# Data under study
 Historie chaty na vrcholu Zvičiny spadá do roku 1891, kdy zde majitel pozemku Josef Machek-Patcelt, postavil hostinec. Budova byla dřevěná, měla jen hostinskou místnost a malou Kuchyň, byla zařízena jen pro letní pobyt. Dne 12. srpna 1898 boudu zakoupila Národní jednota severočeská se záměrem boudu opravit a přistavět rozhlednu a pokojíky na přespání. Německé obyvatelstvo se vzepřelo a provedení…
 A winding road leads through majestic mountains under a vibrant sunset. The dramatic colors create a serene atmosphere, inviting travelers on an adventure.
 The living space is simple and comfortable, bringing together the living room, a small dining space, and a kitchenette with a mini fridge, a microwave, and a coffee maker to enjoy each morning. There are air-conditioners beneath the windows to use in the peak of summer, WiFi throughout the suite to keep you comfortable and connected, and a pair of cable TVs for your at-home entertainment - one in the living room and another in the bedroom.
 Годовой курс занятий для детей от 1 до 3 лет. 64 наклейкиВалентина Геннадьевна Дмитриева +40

* * *

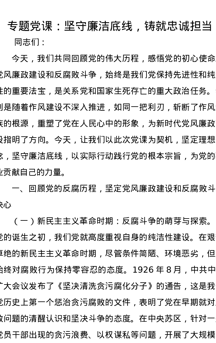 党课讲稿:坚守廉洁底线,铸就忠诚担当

---

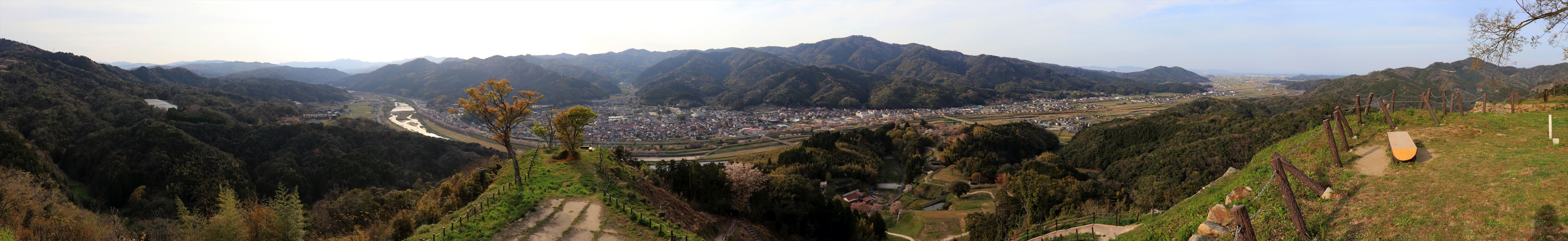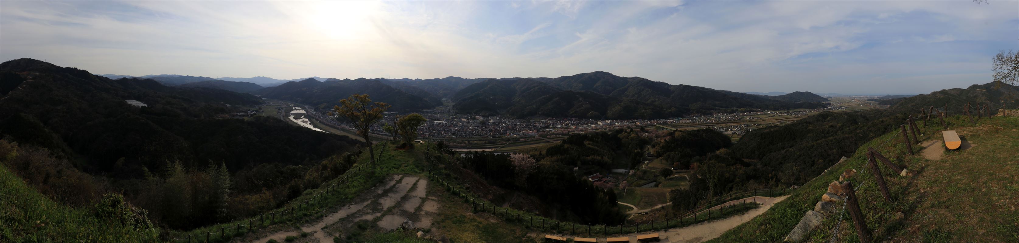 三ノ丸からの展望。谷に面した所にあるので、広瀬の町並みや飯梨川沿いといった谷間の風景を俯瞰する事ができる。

# Exercise objective
From the data above, return every line from the line that has "The living space" up to and including the line that has "Годовой курс занятий", exactly.

# Response for this exercise
 The living space is simple and comfortable, bringing together the living room, a small dining space, and a kitchenette with a mini fridge, a microwave, and a coffee maker to enjoy each morning. There are air-conditioners beneath the windows to use in the peak of summer, WiFi throughout the suite to keep you comfortable and connected, and a pair of cable TVs for your at-home entertainment - one in the living room and another in the bedroom.
 Годовой курс занятий для детей от 1 до 3 лет. 64 наклейкиВалентина Геннадьевна Дмитриева +40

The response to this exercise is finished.